Ultimately this is just a small change to keep the code tidy and you seem to misunderstand the purpose and practical effects of it.

colleirose avatar Oct 25 '25 22:10 colleirose

I don't find the loss of explicitness very tidy, that's all. If someone is skimming the code, it's much easier to see that it's using a dedicated CSPRNG rather than having to dig into the implementation. I also find the ifdefs hard to read, but I understand there will be some of that if we want to use OS APIs directly.

We cannot remove AK/Random as there are things that cannot depend on LibCrypto

What things use random but cannot depend on LibCrypto? Just IDAllocator in AK?

rgret-dev avatar Oct 26 '25 18:10 rgret-dev

I don't find the loss of explicitness very tidy, that's all.

It returns a random number that's suitable for all use cases. I just don't see there being an issue. This completely eliminates the need for a developer to decide which to use and therefore prevents someone from using insecure randomness when security is needed. Usually it's a good idea to provide high-level abstractions for cryptographic features so that developers don't need to worry about making mistakes. Someone appears to have already made this type of mistake, as the insecure RNG is being used for allocation in BlockAllocator::allocate_block to "reduce predictability".

The Go programming language also did something similar, where they made their standard randomness function cryptographically secure.

If someone is skimming the code, it's much easier to see that it's using a dedicated CSPRNG rather than having to dig into the implementation.

And yet the current implementation is confusing because we see that there are two random functions, and when we check the functions, they do the same thing. If you seriously think this is a problem, I can make a SecureRandom and InsecureRandom file, but I don't know what you hope to change in the InsecureRandom file. Or I can just name AK/Random to AK/SecureRandom and so on, but this would be confusing when tests and the like need to use the RNG because secure randomness wouldn't be needed there. Your original request was to remove AK/Random but that cannot be done.

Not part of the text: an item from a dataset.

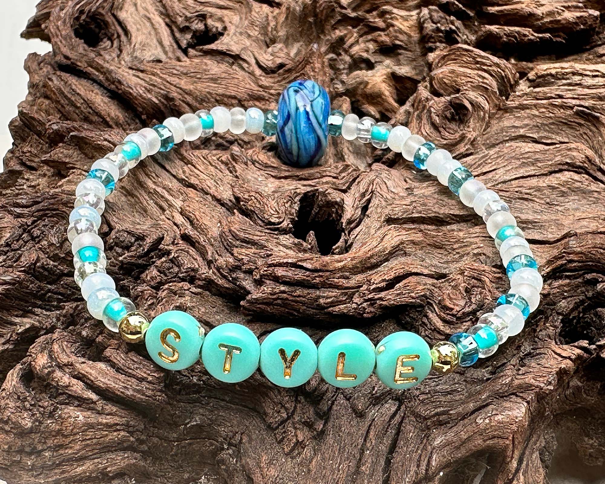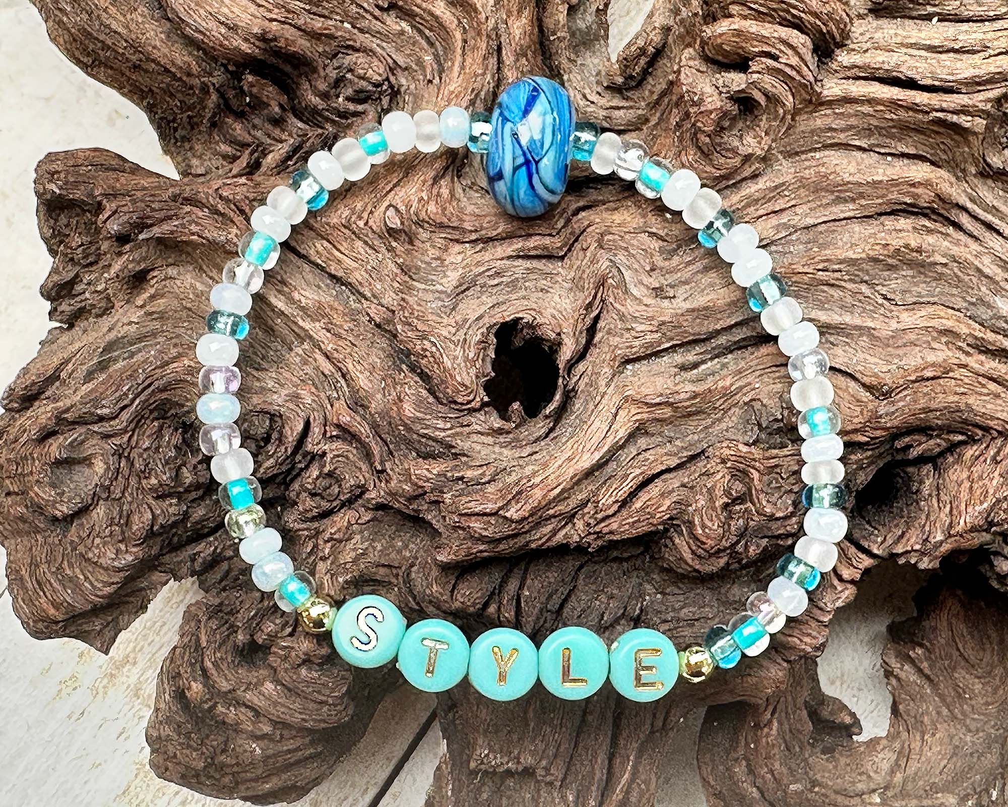 Discover the elegance of the "Style" Bracelet, a beautifully crafted piece soft blue, teal greens, and opal white accented by a handcrafted lampwork bead. Each bracelet is carefully handmade, showcasing intricate craftsmanship and artistic detail that makes it truly one-of-a-kind. Designed with a gentle stretch, it offers a comfortable fit for smaller wrists (6 inches), making it a effortlessly chic accessory for any occasion.
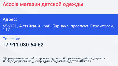 Acoola, магазин детской одежды по адресу 656031, Алтайский край, Барнаул, проспект Строителей, 117 в дальнейшем Организация, размещена в следующих категориях:

The best I can think of would be to name the randomness function something like crypto_get_random or whatever, but I still don't know if that's necessary. If someone actually needs to understand what the RNG does for security or whatever other reasons, they should just read the file. I don't know why anyone would be writing something that needs security and not bother to investigate what the function they're using actually does.

I can, of course, look into making a fast non-cryptographic PRNG for something like Math.random(), but this is just another thing that can break and has to be maintained and I really don't think it could improve performance. The best I could think of is creating a randomness pool at application launch using the SecureRandom function and then feeding it through XorShift and reseeding as needed, but IIRC something like this has led to browser fingerprinting in the past. This would also require maintaining a fairly large pool for it to get better throughput and latency than the CSPRNG function, which would massively increase memory usage. (Unless we feed the pool with repetitive data like the current time and then compress it, therefore increasing CPU usage, etc.)

I also find the ifdefs hard to read, but I understand there will be some of that if we want to use OS APIs directly.

Those ifdef statements are already there. I strongly encourage you to read the current AK/Random file. For reasons I've already explained we need an RNG in AK/. I just slightly modified the existing file to add more clear comments, improve error handling, and prevent signal interrupts from causing issues with the RNG on Linux.

If you want to avoid this by using a library or something (there is no other way to obtain secure randomness without the ifdef statements), I already explained that RAND_bytes has unnecessary complexity that makes it slower, and I was told that we don't want to have an OpenSSL dependency in AK.

Alternatively we can just use libsodium's RNG function, which does essentially the same thing as this PR does, although this would again require adding a dependency in AK. I just don't think it's necessary.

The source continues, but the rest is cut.